Yo creo que se puede ser ambicioso, que se puede ser digno. A eso nos está invitando este proceso social que no nació ayer, que lleva décadas y hasta siglos en este país, luchando por un espacio de reconocimiento, de poder. Y en eso creo que yo coincido. Yo no creo que uno tenga que entrar desde lo cultural, con actitudes condescendientes. Todavía nos falta mucho para reconocer que vivimos en la cultura y no por fuera de la cultura y que el ministerio no es el ministerio de las fiestas y los y las aplausos y las de vocacionales.
«Nosotros queremos ser los más influyentes y creo que tenemos claro y nosotros, todos los gestores culturales, nuestro papel en la historia: la influencia de la cultura es lo que queda después de la muerte, es la es la vida que queda después de la muerte. Y nosotros sabemos eso y por eso no trabajamos para hoy, trabajamos con un horizonte, sabiendo que lo que sembramos seguramente otros lo van a recoger. «
Pero bueno, yo creo que un ministro o una ministra que venga le corresponderá seguir con esa convicción. Yo lo que le quiero dejar a los gestores y lo que le quiero dejar a quien venga después a gobernar este ministerio es precisamente una capacidad de gobernar un ministerio fortalecido con regionales, un ministerio fortalecido con -por lo menos- la mitad de su planta creada como funcionarios, con salarios dignos para la gente, con todas sus entidades adscritas como la Biblioteca Nacional, el Museo Nacional, el Archivo General de la Nación, el ICANH, el Caro y Cuervo fortalecidas y con unas relaciones interinstitucionales con los otros ministerios lo suficientemente fuertes para convencernos de que podemos hacer infraestructura cultural en Colombia. Por ejemplo, con paneles solares, con el Ministerio de Minas, que podemos trabajar escuelas de artes y oficios asociadas a los oficios del campo con Agricultura, que podemos soñar con que en cada hospital de Colombia construyamos infraestructura cultural como bibliotecas en salud y así sucesivamente, creando y tejiendo un sueño que creo que muchos hemos tenido y que no hemos podido realizar porque nos sigue mirando, nos siguen mirando como esa Cenicienta de la que tú hablas.

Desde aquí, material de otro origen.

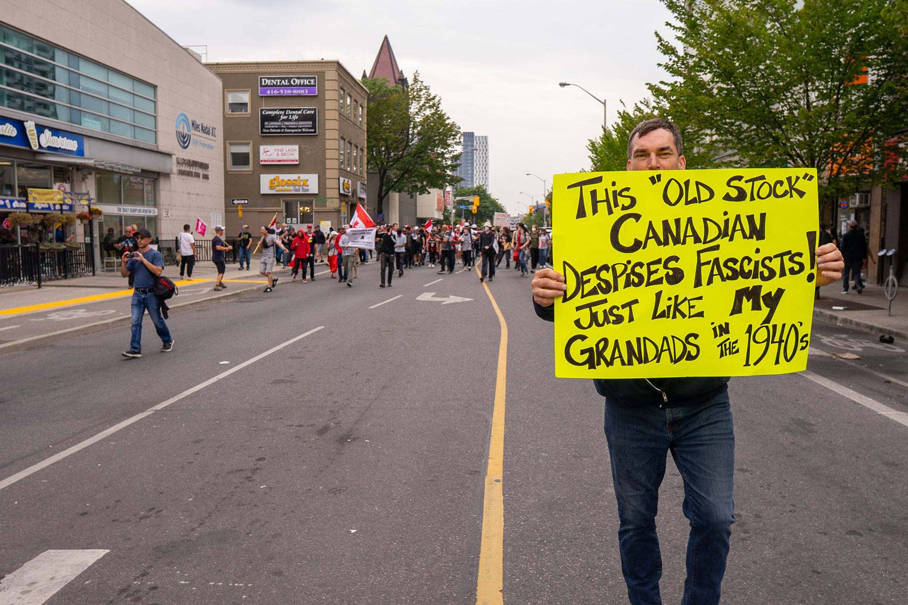 Approximately one hundred “Canada First” marchers were met by hundreds of counter-protestors in Christie Pits and as they made their way to Sankofa Square, like this one at Bloor and Spadina. NEILAND BRISSENDEN/GLEANER NEWS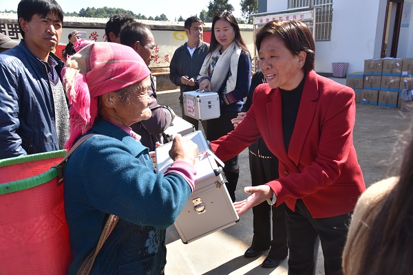 阿东村委会地处罗平县马街镇西北边,属于山区,阿东村委会辖阿东、请歹、岔河、阿细者等10个村民小组有765户2972人,是一个偏僻冷凉的高寒少数民族山区。此次健康扶贫下乡活动,为当地的建档立卡贫困户带去爱心药箱200个,每个药箱配装了20余种常用药,价值共9万余元。为了让贫困户安全用药,执业药师还向群众介绍了药品真假伪劣的辨别方法,现场讲解了药品使用安全注意事项和治疗症状,发放健康知识手册300余份。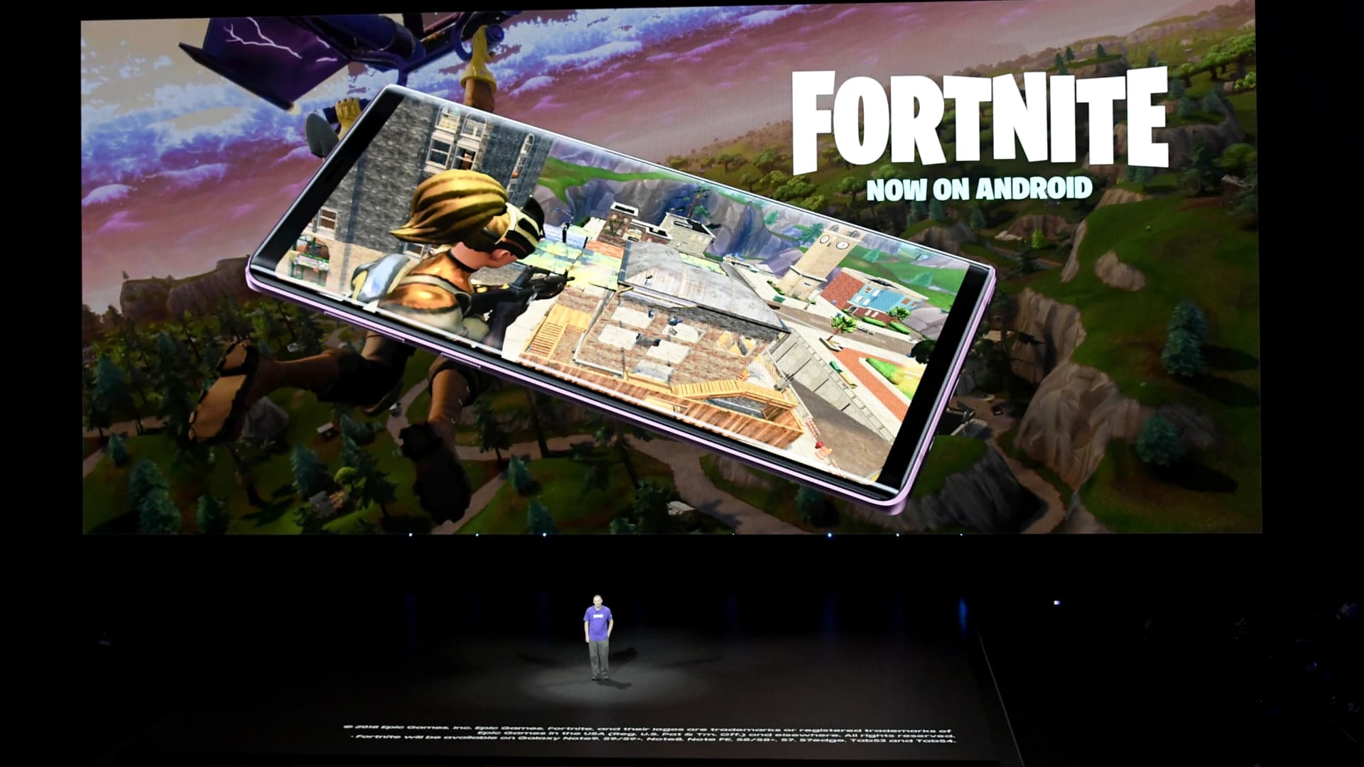 Epic Games CEO Tim Sweeney speaks onstage during Samsung Unpacked New York City at the Barclays Center in Brooklyn, New York, on Aug. 9, 2018.

Probablemente no seremos los más grandes porque aún falta para eso, pero yo creo que ni siquiera nosotros lo queremos ser. Nosotros queremos ser los más influyentes y creo que tenemos claro y nosotros, todos los gestores culturales, nuestro papel en la historia: la influencia de la cultura es lo que queda después de la muerte, es la es la vida que queda después de la muerte. Y nosotros sabemos eso y por eso no trabajamos para hoy, trabajamos con un horizonte, sabiendo que lo que sembramos seguramente otros lo van a recoger.
LFPG: Ministro Juan David Correa, Ministro de las Culturas, las Artes y los Saberes desde la Gaitana Periodismo independiente le agradecemos especialmente que nos haya concedido esta entrevista en esta mañana de jueves.
MJDC: Un abrazo muy grande para todos los oyentes y para ti. Nos vemos pronto.
LFPG: Nos vemos pronto. Gracias, señor ministro. Feliz resto de día.